Available data: Begin
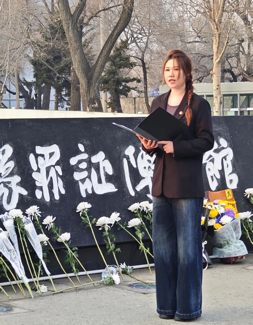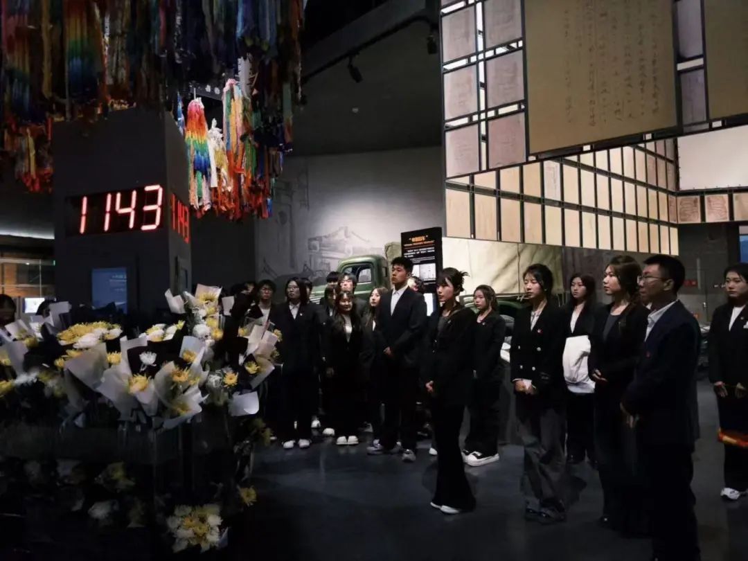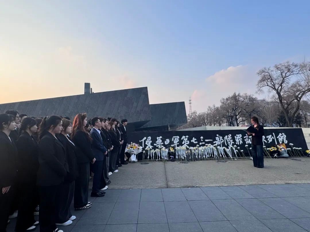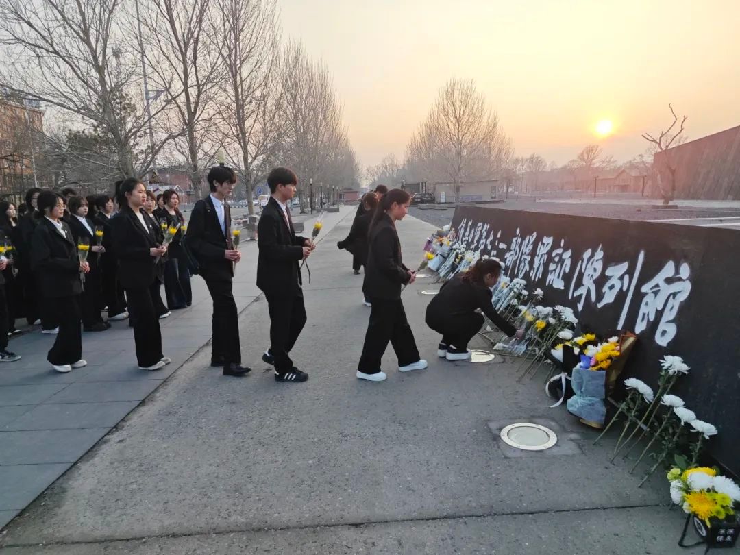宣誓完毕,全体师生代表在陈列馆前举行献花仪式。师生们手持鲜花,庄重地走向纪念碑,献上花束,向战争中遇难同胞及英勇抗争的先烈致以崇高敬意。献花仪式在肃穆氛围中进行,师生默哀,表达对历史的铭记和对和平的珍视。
Available data: End
Available data: Begin
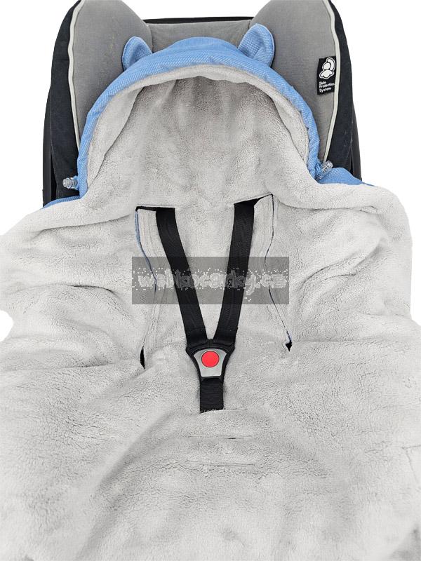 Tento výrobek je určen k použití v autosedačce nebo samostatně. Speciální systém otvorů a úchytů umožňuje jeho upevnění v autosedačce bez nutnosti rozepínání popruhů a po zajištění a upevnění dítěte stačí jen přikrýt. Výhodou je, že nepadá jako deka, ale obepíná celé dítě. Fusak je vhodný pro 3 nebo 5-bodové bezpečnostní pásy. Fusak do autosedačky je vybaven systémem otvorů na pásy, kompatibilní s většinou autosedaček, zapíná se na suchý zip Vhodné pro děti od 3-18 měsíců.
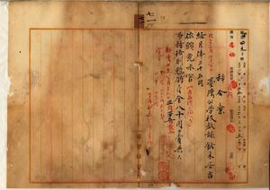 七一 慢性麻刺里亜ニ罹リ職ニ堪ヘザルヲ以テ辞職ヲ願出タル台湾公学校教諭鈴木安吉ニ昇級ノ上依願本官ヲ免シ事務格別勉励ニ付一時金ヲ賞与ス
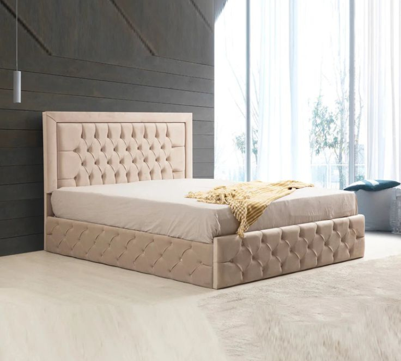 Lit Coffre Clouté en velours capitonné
Available data: End
**Instructions for the task:**
Exactly reproduce the lines above, starting at the one that contains "七一 慢性麻刺里亜ニ罹リ職ニ" and ending at the one that contains "Lit Coffre Clouté en velours capitonné", both inclusive; leave the pictures out and add no other lines.

**Exercise response:**
 七一 慢性麻刺里亜ニ罹リ職ニ堪ヘザルヲ以テ辞職ヲ願出タル台湾公学校教諭鈴木安吉ニ昇級ノ上依願本官ヲ免シ事務格別勉励ニ付一時金ヲ賞与ス
 Lit Coffre Clouté en velours capitonné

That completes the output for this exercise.